Otro silencio, y al cabo ella dijo en voz baja:

– Iba tan rápido porque estaba asustada…

Las alarmas de Scott se dispararon. Escuchó con toda atención mientras ella le contaba el encuentro con Ashley. No hizo ninguna pregunta, ni siquiera cuando oyó el nombre «Michael O'Rata». Las cosas se confundían en la memoria de Susan, y más de una vez él percibió frustración en su voz, cuando se esforzaba por ordenar los detalles. Supuso que era debido a la leve contusión sufrida. Su tono era de disculpa.

Susan no sabía si algo de lo sucedido estaba relacionado de algún modo con Ashley. Todo lo que sabía era que había ido a verla y que desde entonces le ocurrían cosas espantosas. Tenía suerte de seguir con vida.

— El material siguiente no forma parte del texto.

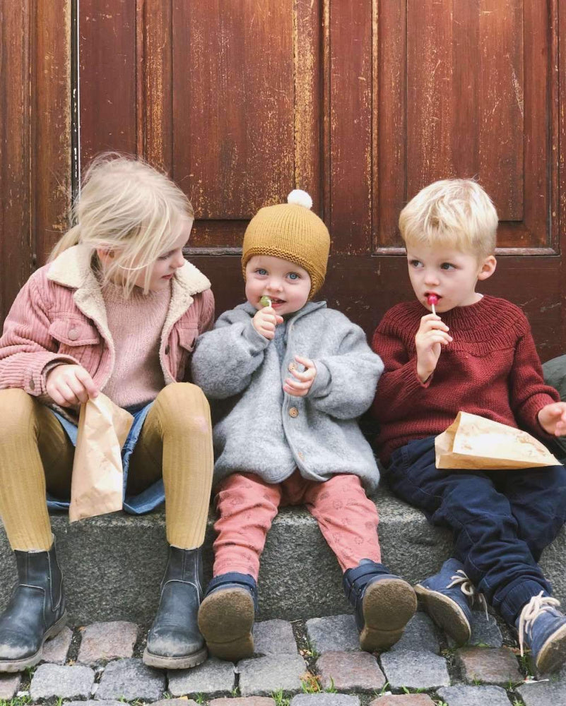 Materiale: 50 (50) 50 (50) g dobbel tråd Sunday fra Sandnes Garn (50 g = 235 m) eller dobbel tråd Anina fra Filcolana (50 g = 210 m). En rest garn til dusk. 1 knapp.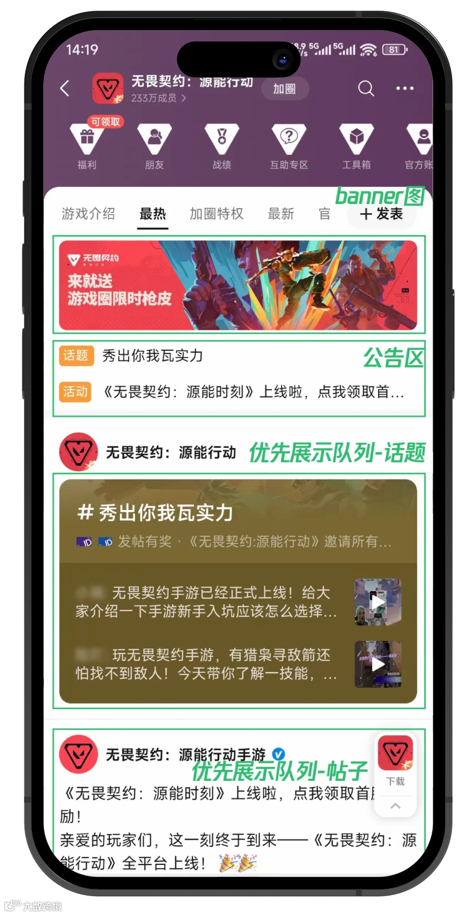通过“最热”Tab页的Banner图(可跳转至有奖话题)、公告区引流、内容加热和优质内容推广等方式,持续维持玩家的活跃度和内容曝光。

– ¿Crees que ese tal Michael tuvo que ver con todo lo que te ha pasado? -preguntó Scott, sin querer creerlo así, pero imbuido de malos presentimientos.

– No lo sé. De verdad que no. Probablemente es sólo coincidencia. Pero creo… -parecía a punto de llorar- creo que no volveré a llamar a Ashley. No hasta que me recupere. Lo siento.

Scott colgó y se puso a pensar qué opciones tenía. Ninguna. Imaginó lo peor.

«Estamos hechos el uno para el otro.»

Tragó saliva con la boca reseca.

Ashley caminaba con rapidez, como sí su avance por la acera pudiera equipararse a los pensamientos que bullían en su cabeza. Aún no había llegado a pensar en serio que la estaban siguiendo, pero tenía una sensación perturbadora. Llevaba una pequeña bolsa de la compra y su mochila llena de libros de arte, así que se sentía un poco incómoda cada vez que se detenía para escrutar la calle, tratando de discernir qué la inquietaba tanto. Nada parecía fuera de lugar.

«La ciudad es así», pensó. En su casa del oeste de Massachusetts, las cosas eran menos abigarradas, y por eso, cuando algo no estaba en orden, se notaba más. Pero Boston, con su constante flujo y energía, desafiaba su capacidad de captar si algo había cambiado. Sintió una vaharada de calor, como si la temperatura hubiera aumentado, aunque en realidad ocurría lo contrario.

Escudriñó la calle. Coches, autobuses, peatones. La misma visión de siempre. Aguzó el oído. El mismo rumor continuo y el habitual latido de la vida diaria. No había motivo para la indefinida ansiedad que sentía.